TRANSFERS AND WITHDRAWALS
Section 11.1. Transfer
A. The term “transfer,” when used in this Article 11 with respect to a Partnership Interest, shall be deemed to refer to a transaction by which the General Partner purports to assign its General Partner Interest to another Person or by which a Limited Partner purports to assign its Limited Partnership Interest to another Person, and includes a sale, assignment, gift (outright or in trust), pledge, encumbrance, hypothecation, mortgage, exchange or any other disposition by law or otherwise. Except to the extent otherwise specified, the term “transfer” when used in this Article 11 does not include any Redemption or exchange for REIT Shares pursuant to Section 8.6, except as otherwise provided herein. No part of the interest of a Limited Partner shall be subject to the claims of any creditor, any spouse for alimony or support, or to legal process, and may not be voluntarily or involuntarily alienated or encumbered, except as may be specifically provided for in this Agreement or consented to by the General Partner.
B. No Partnership Interest shall be transferred, in whole or in part, except in accordance with the terms and conditions set forth in this Article 11. Any transfer or purported transfer of a Partnership Interest not made in accordance with this Article 11 shall be null and void ab initio unless otherwise consented to by the General Partner in its sole and absolute discretion.

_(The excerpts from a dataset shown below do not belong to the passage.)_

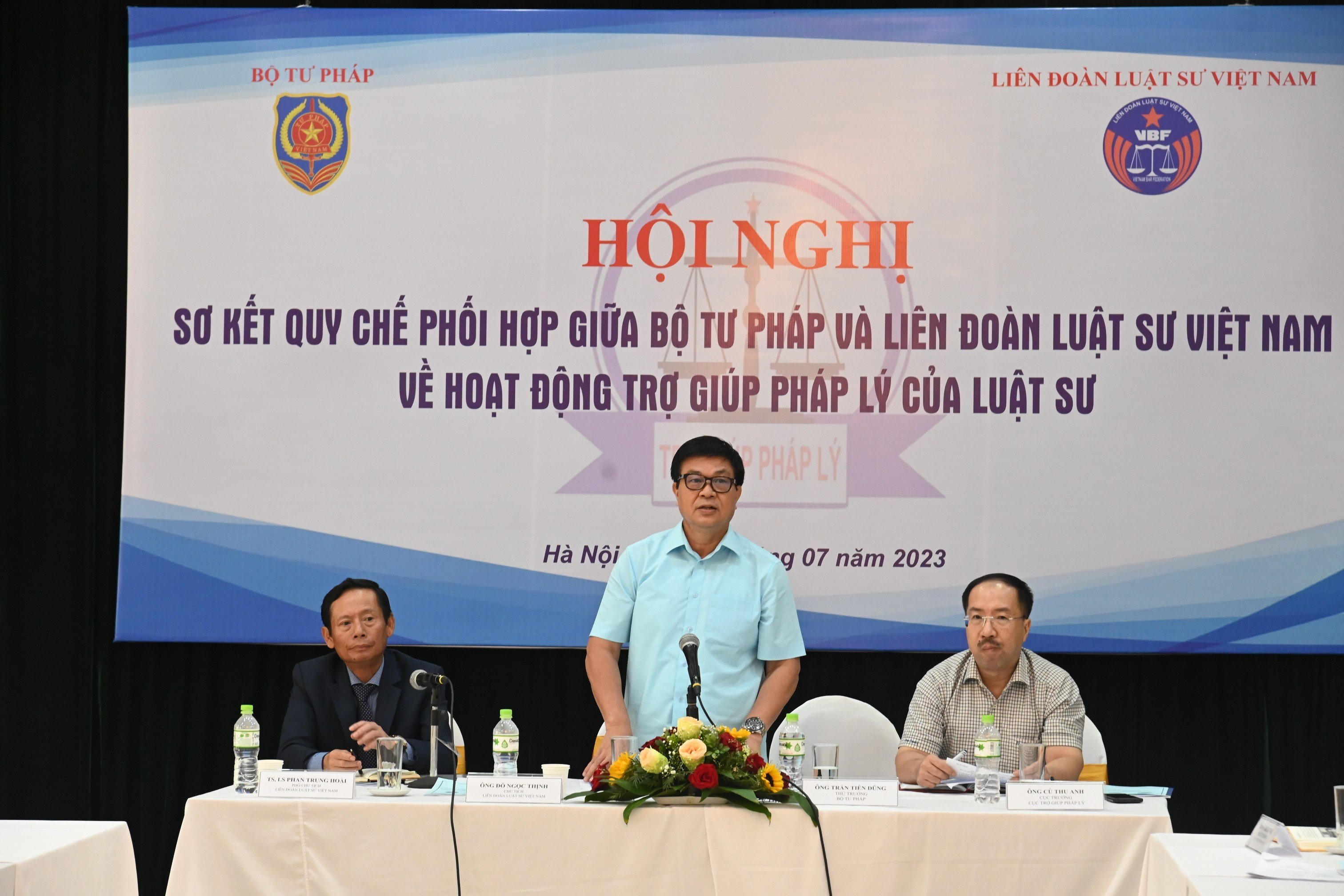 Phát biểu khai mạc, ông Đỗ Ngọc Thịnh, Chủ tịch Liên đoàn Luật sư (LS) Việt Nam cho biết ngày 28/12/2016, Bộ Tư pháp và Liên đoàn LS Việt Nam đã ký Quy chế phối hợp số 4617/QCPH/BTP-LĐLSVN về hoạt động trợ giúp pháp lý (TGPL) của LS, tạo tiền đề cho việc triển khai phối hợp toàn diện giữa hai cơ quan và là cơ sở cho việc triển khai thực hiện hoạt động phối hợp ở các địa phương trên toàn quốc.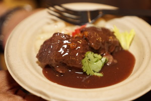 - Chef Jerome Grant of Mitsitam (smithsonian NIMAI): Green chili and pecan biscuit, rabbit sausage, duck egg, huckleberry preserve. This biscuit combo won the judge’s choice, a bit of a surprise to me. Perhaps I received a “bad duck egg,” but the biscuit was fairly dense; however, the rabbit sausage was rich, fatty and flavorful. As was a theme of the evening, the topping out did the biscuit. An absolute shame considering that a perfectly executed pecan biscuit would dominate any bread basket.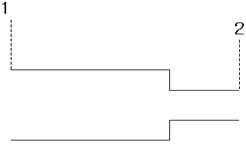 다음 그림과 같은 축소관에 물이 흐르고 있다. 1지점에서의 안지름이 0.25m, 평균유속이 2m/s일때 안지름이 125m인 2지점에서의 평균유속은 몇 m/s인가? (단, 축소에 의한 손실은 없다고 가정한다.)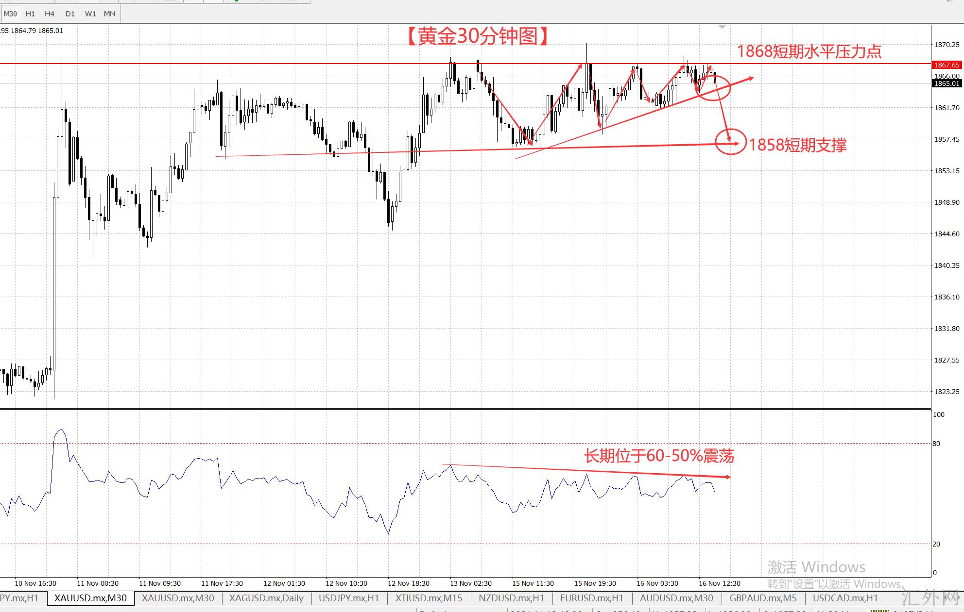 短时间的黄金已经深陷到了一个阴阳怪气的行情中很难自拔。30分钟的黄金来说,自从上星期三夜里CPI报告发布后面,冲顶到1868,到迄今为止,一直处在震荡中走不出来,上方持续遇阻于1868一线,先后两轮回撤都没能顺遂走跌,而是不间断的试探1868。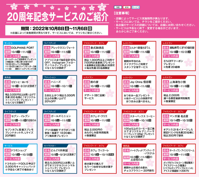 ・オアシス21店舗にて20周年記念サービスを展開!

Section 11.2. Transfer of General Partner’s Partnership Interest
A. Except as otherwise provided in this Section 11.2, the General Partner shall not withdraw from the Partnership and shall not transfer all or any portion of its interest in the Partnership (whether by sale, statutory merger or consolidation, liquidation or otherwise), other than to an Affiliate, without the Consent of the Limited Partners, which may be given or withheld by each Limited Partner in his, her or its sole and absolute discretion, and only upon the admission of a successor General Partner pursuant to Section 12.1. Upon any transfer of a Partnership Interest in accordance with the provisions of this Section 11.2, the transferee shall become a substitute General Partner for all purposes herein, and shall be vested with the powers and rights of the transferor General Partner, and shall be liable for all obligations and responsible for all duties of the General Partner, once such transferee has executed such instruments as may be necessary to effectuate such admission and to confirm the agreement of such transferee to be bound by all the terms and provisions of this Agreement with respect to the Partnership Interest so acquired. It is a condition to any transfer otherwise permitted hereunder that the transferee assumes, by operation of law or express agreement, all of the obligations of the transferor General Partner under this Agreement with respect to such transferred Partnership Interest, and no such transfer (other than pursuant to a statutory merger or consolidation wherein all obligations and liabilities of the transferor General Partner are assumed by a successor corporation by operation of law) shall relieve the transferor General Partner of its obligations under
this Agreement without the Consent of the Limited Partners, in their reasonable discretion. In the event the General Partner withdraws from the Partnership, in violation of this Agreement or otherwise, or otherwise dissolves or terminates, or upon the Incapacity of the General Partner, a majority in interest of the remaining Partners may elect to continue the Partnership business by selecting a substitute General Partner in accordance with the Act.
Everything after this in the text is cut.